Page components are not much more than bits of well-formed HTML along with some metadata. Well-formed HTML along with attribute markers lets us cleanly swap out a component's rendering. Metadata documents each component's dependencies, so that we can propagate changes efficiently and reliably. Other metadata like page properties and render dependencies need to be aggregated when composing a larger page, so that ResourceLoader modules for example can be loaded for the entire page. Candidates for per-component metadata are:

  • ResourceLoader modules needed to render the component.
  • Resources used to render this component, for dependency tracking.
    • templates and Scribunto modules
    • images
    • wiki pages (for link rendering)
    • external data sources
  • Page metadata like
    • categories
    • external links
    • magic word flags
  • Caching / storage limitations, for dynamic content
  • Other page properties

For wiki content processed in the PHP parser, basically all of this information apart from external data sources is available in the ParserOutput object. Some of this information is already exposed in the expandtemplates end point (notably missing are the list of sub-templates used), and even more is available in the parse end point.

Currently this metadata is mostly implementation-defined, and not consistently exposed in the Action API. The proposal is to document standard metadata and its semantics, and make sure that this is consistently exposed through APIs in a way that lets clients aggregate information in a generic manner (as sets, for example), without having to know about each possible bit of metadata explicitly.

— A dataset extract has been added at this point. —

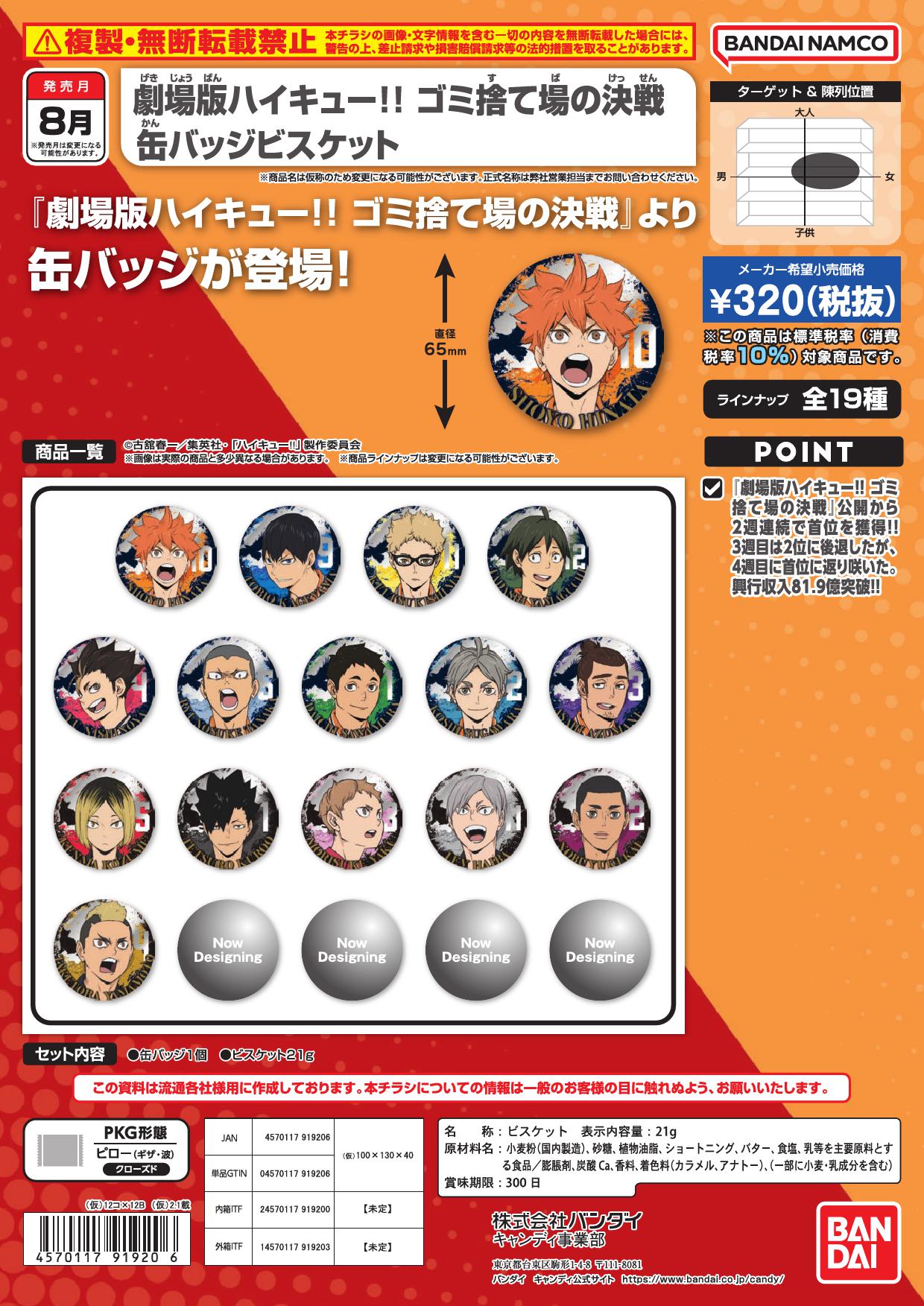 商品名稱:劇場版 排球少年!! 垃圾場的決戰 襟章+餅乾

Benefits of doing this include:

  • Finer-grained dependency tracking, which in turn can make updates like refreshLinks a lot more efficient.
  • More accurate page metadata tracking in VisualEditor when inserting / removing components.
  • Efficient updating of ResourceLoader modules and other dependencies when re-rendering individual components for a different context.
  • Opening up the possibility of implementing page components in separate services.

Questions

  • Can we restrict page components to a single DOM node?
  • Can we come up with a sensible aggregation of metadata that satisfies different use cases well?
    • Idea: Two blobs (or one with two sub-objects), one for view-relevant data (modules, categories, magic word flags?), one for more verbose data like dependencies.
      • could also consider exposing modules / view metadata in HTTP header
  • Component addressing and generic parameter encoding
    • Can we generalize the process of figuring out how to render / re-render a component?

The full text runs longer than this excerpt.